On top of that, 41 percent of the construction workforce is projected to retire by 2031. The experienced VDC talent who can route miles of electrical raceway through a million-square-foot facility, and anticipate every coordination conflict before it becomes a clash - that population is shrinking. The demand for their expertise is trending in exactly the opposite direction.

LLMs are not the answer to a geometry problem.

The construction industry has been flooded with AI tools over the past two years, and most of them are built on Large Language Models. Some of these tools are genuinely useful. For parsing specifications, generating project-specific scripts, or automating contract review, LLMs are well suited. 

But LLMs cannot reason through three-dimensional physical space. They cannot understand that a conduit run here forces a conflict there, or that shaving six inches off a raceway path across an entire floor changes the power load calculation in a meaningful way. That requires a fundamentally different kind of AI. It requires a spatial computation engine built from scratch and based on the stringent geometry of real buildings, paired with machine learning that has absorbed decades of how experienced detailers actually make decisions.

That is what we set out to build at Augmenta.

What this looks like in practice.

On a 330,000 square foot data center, our platform reduced manual electrical modeling time from 320 hours to 96. That is roughly ~28 working days recovered, on the initial model alone. On another project, a customer used Augmenta to route over 18 miles of electrical conduit in 72 hours; a task that would have taken weeks by hand.
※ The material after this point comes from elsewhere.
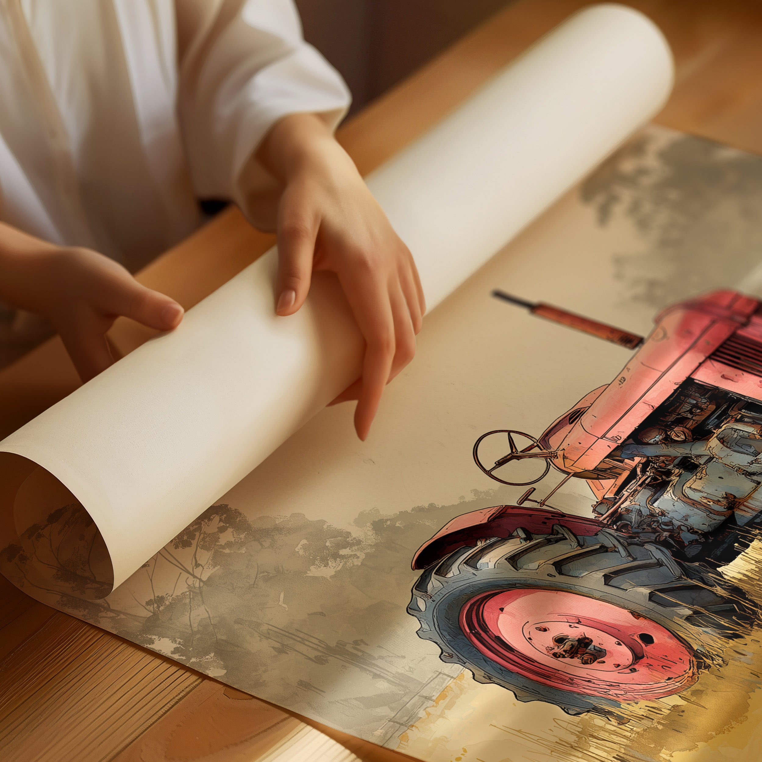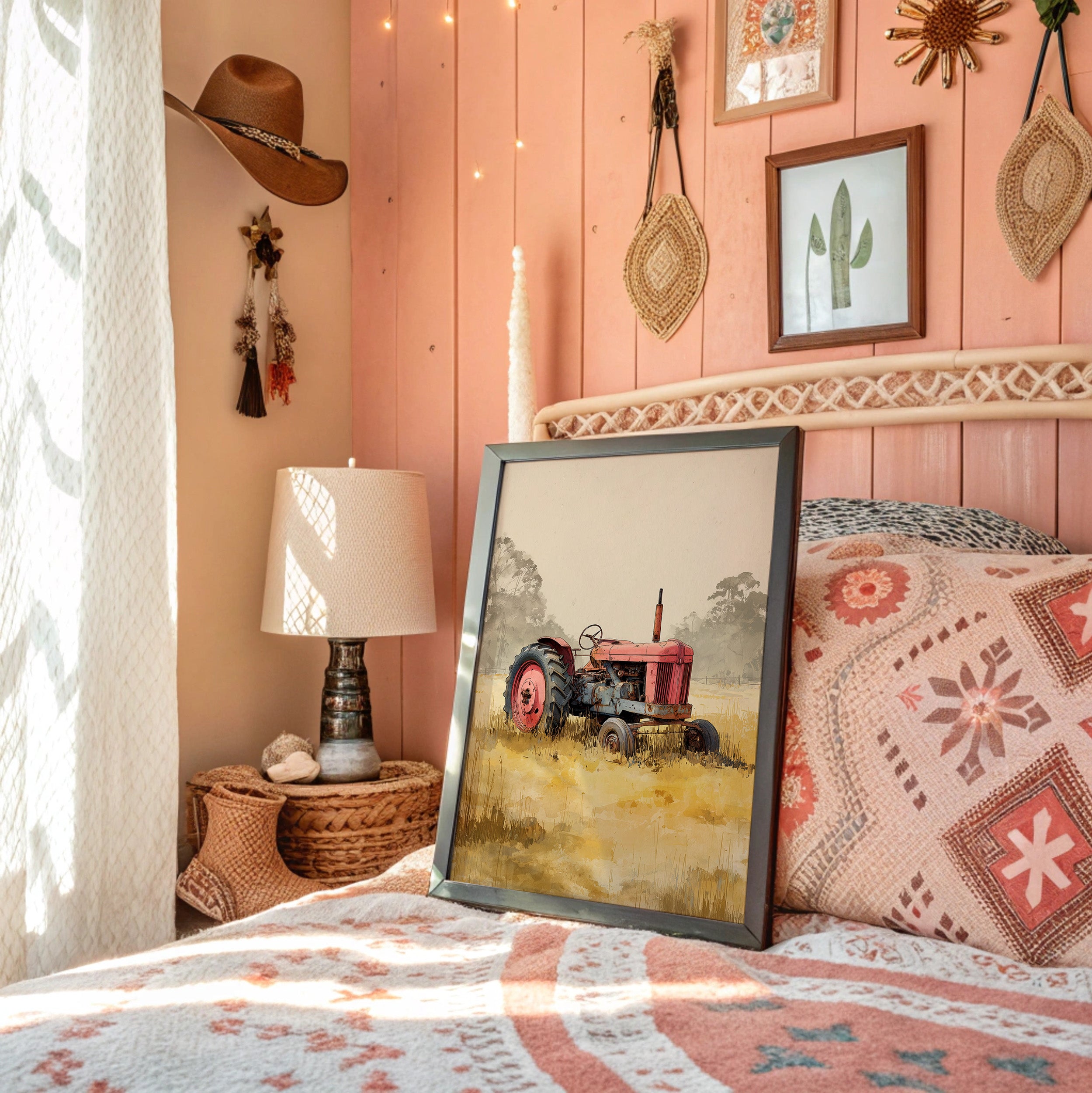 A vintage red tractor stands solitary in a sun-drenched field, its weathered form telling stories of harvests past. Warm golden hues wash across the pastoral scene, while misty trees fade into the distant horizon, creating a nostalgic tableau of rural life. The watercolor-style rendering captures both the machine's sturdy presence and the ethereal quality of morning light on the prairie. This piece brings rustic charm and a touch of americana to any space, perfectly suited for a modern farmhouse living room or a cozy den where old memories meet contemporary style.

We have worked with the large electrical contractors building data centers for every major U.S hyperscaler. Optimized electrical routing has delivered single-digit energy efficiency gains, alongside measurable reductions in material waste.  On a facility that runs 24 hours a day, 365 days a year for decades, these have consequential implications.
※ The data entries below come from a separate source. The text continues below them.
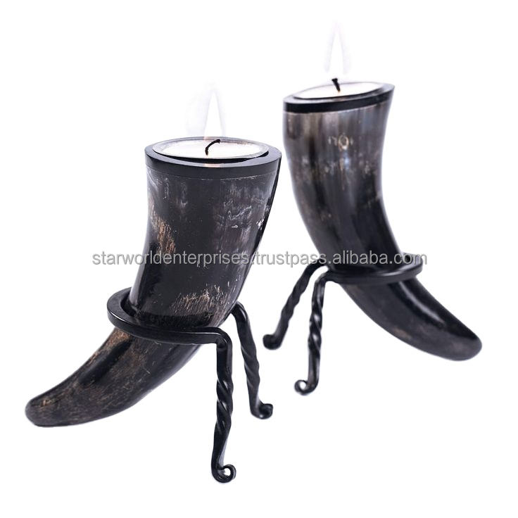 Buffalo Ox Handmade Decor Horn-Shaped Candle Stand Other Candle Holders Lanterns & Jars Made in India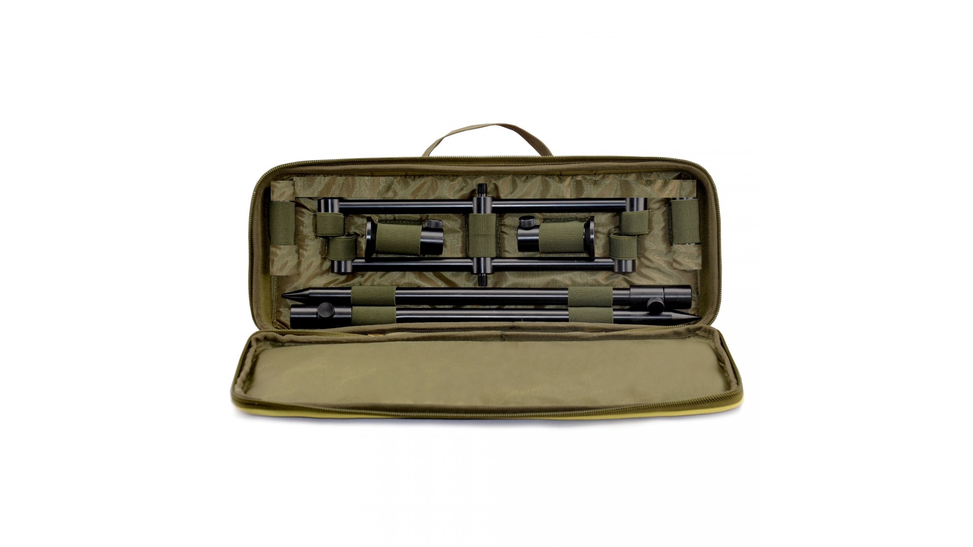 Передний буз бар и задний бузбар рассчитан на крепление 2-х держателей комелей. Увеличенный диаметр стоек, который составляет 1,5 см позволяет зафиксировать удилища в сыпучем грунте более надежно, а в совокупности с буром, позволяет вкручивать стойку и в плотный грунт. Качественное чёрное матовое покрытие защищает поверхность стоек, сделанных из алюминиевого сплава.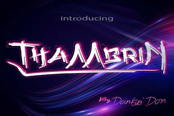 Thambrin Display Font is a mysterious and cool display font. Whatever the topic, this font will be a great asset to your font library, as it has the potential to enhance any creation. It’s perfect for logos, posters, banners, covers, movies, music, and more.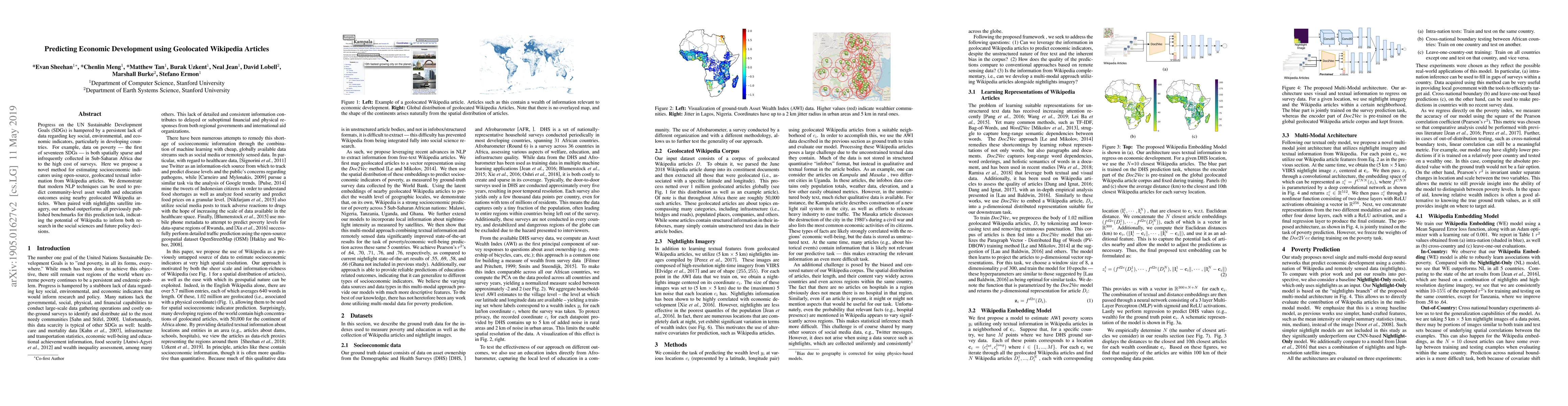 Progress on the UN Sustainable Development Goals (SDGs) is hampered by a persistent lack of data regarding key social, environmental, and economic indicators, particularly in developing countries. For example, data on poverty --- the first of seventeen SDGs --- is both spatially sparse and infrequently collected in Sub-Saharan Africa due to the high cost of surveys. Here we propose a novel method for estimating socioeconomic indicators using open-source, geolocated textual information from Wikipedia articles. We demonstrate that modern NLP techniques can be used to predict community-level asset wealth and education outcomes using nearby geolocated Wikipedia articles. When paired with nightlights satellite imagery, our method outperforms all previously published benchmarks for this prediction task, indicating the potential of Wikipedia to inform both research in the social sciences and future policy decisions.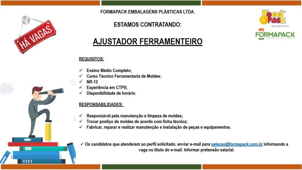 FORMAPAC ESTÁ RECRUTANDO NOVOS PROFISSIONAIS PARA COMPOR SEU QUADRO DE FUNCIONÁRIOS.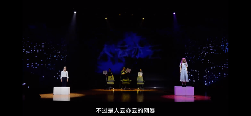 作品《网络风暴》是一部深刻探讨网络暴力对个人心理影响及其心灵重建过程的心理情景剧。本剧以线上社交为背景,利用独白、旁白、歌队、象征性道具等手法,讲述了主人公林华由于遭受网络暴力,出现了自尊心严重受损、自我认知混乱、焦虑抑郁和自杀危机,在心理咨询老师的及时介入和专业帮助下,主人公林华逐步改变了不合理认知,学会了理性处理外界评价,并积极寻求社会支持,最终提升了心理韧性,勇敢地面对网络暴力。同时也呼吁公众提高网络素养和道德意识,共同营造一个健康、和谐、尊重的网络环境。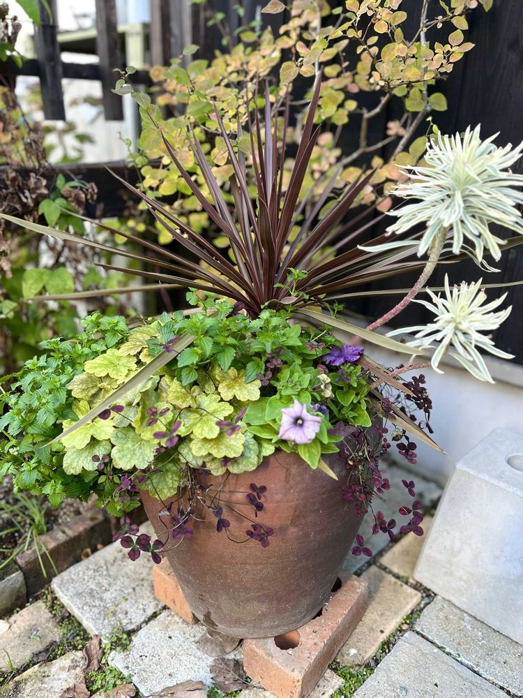 ①大きな寄せ植えがもりもり☺️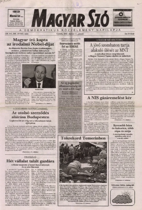 Magyar Szó, 59. évf. 2002. október 11. 240. sz. 1–16. oldal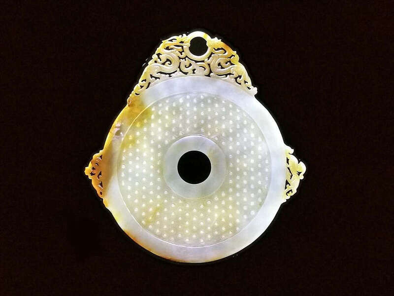 这块出土于东汉中山穆王刘畅墓中的古璧通高30.5厘米、直径24.4厘米、厚1.1厘米,由一整块新疆和田青玉雕琢而成,玉质半透明,表面温润,有明亮的光泽。它是我国目前所见最大、保存最完整的一块古代玉璧,以其精美、大气被视作“汉玉瑰宝”。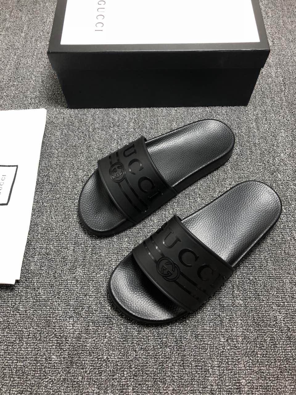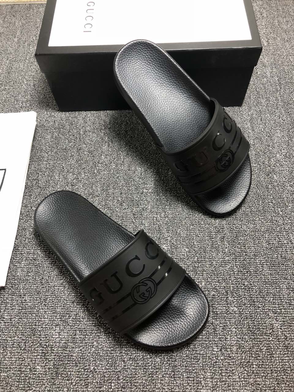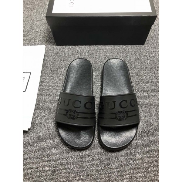 Replica High Quality Gucci Black slide sandal With Gucci rubber GO_GC035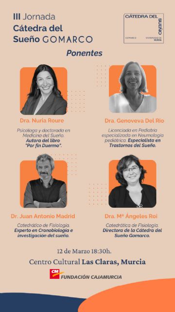 La Cátedra del Sueño Gomarco de la Universidad de Murcia celebra este miércoles, 12 de marzo, sus terceras jornadas de formación y divulgación, sobre calidad del sueño; que este año reúnen a los especialistas Nuria Roure, Genoveva del Río, Juan Antonio Madrid y María ángeles Rol. La cita será en el Centro Cultural Las Claras de Murcia a las 18.30 horas.

The engineer still makes the call.

I want to be direct about something, because I hear the skepticism and I think it is healthy. Sixty-five percent of construction professionals report neutral or low trust in AI outputs. That is a rational response to a lot of overpromised technology.

Our technology does not remove engineers from the process. It removes the repetitive, time-consuming work of manually routing and re-routing geometry so that engineers can focus on the decisions that actually require judgment. Constructability review, coordination trade-offs, field conditions, value engineering trade-offs where someone with experience needs to weigh in. None of that goes away, but rather the time gets reallocated. What goes away is spending 320 hours on a model that should take considerably less time - the demand and pressure requires quicker modeling.

The goal is to give your VDC team the time and mental bandwidth to complete the work only they can do.

Why this matters beyond the data center.

When we started Augmenta, I was thinking about more than construction efficiency. I was thinking about what it would mean to make high-performance building design the default outcome on every project, not just the ones with the biggest budgets. The high perceived cost of changing to a more efficient process has historically been a barrier to doing things right. Core building system design automation does not just make things faster; it enables more time for critical decision-making, and those benefits are also accessible at scale.

Data centers are where that capability is being stress-tested right now, because the stakes are highest and the timelines are shortest. But the same platform, the same spatial AI that routes dozens of miles of electrical systems through a hyperscale facility, is also at work on hospitals, schools, and infrastructure projects where getting the design right has consequences that outlast the construction contract.

Everyone is talking about how much infrastructure AI will require. What’s becoming apparent is that building that infrastructure needs AI.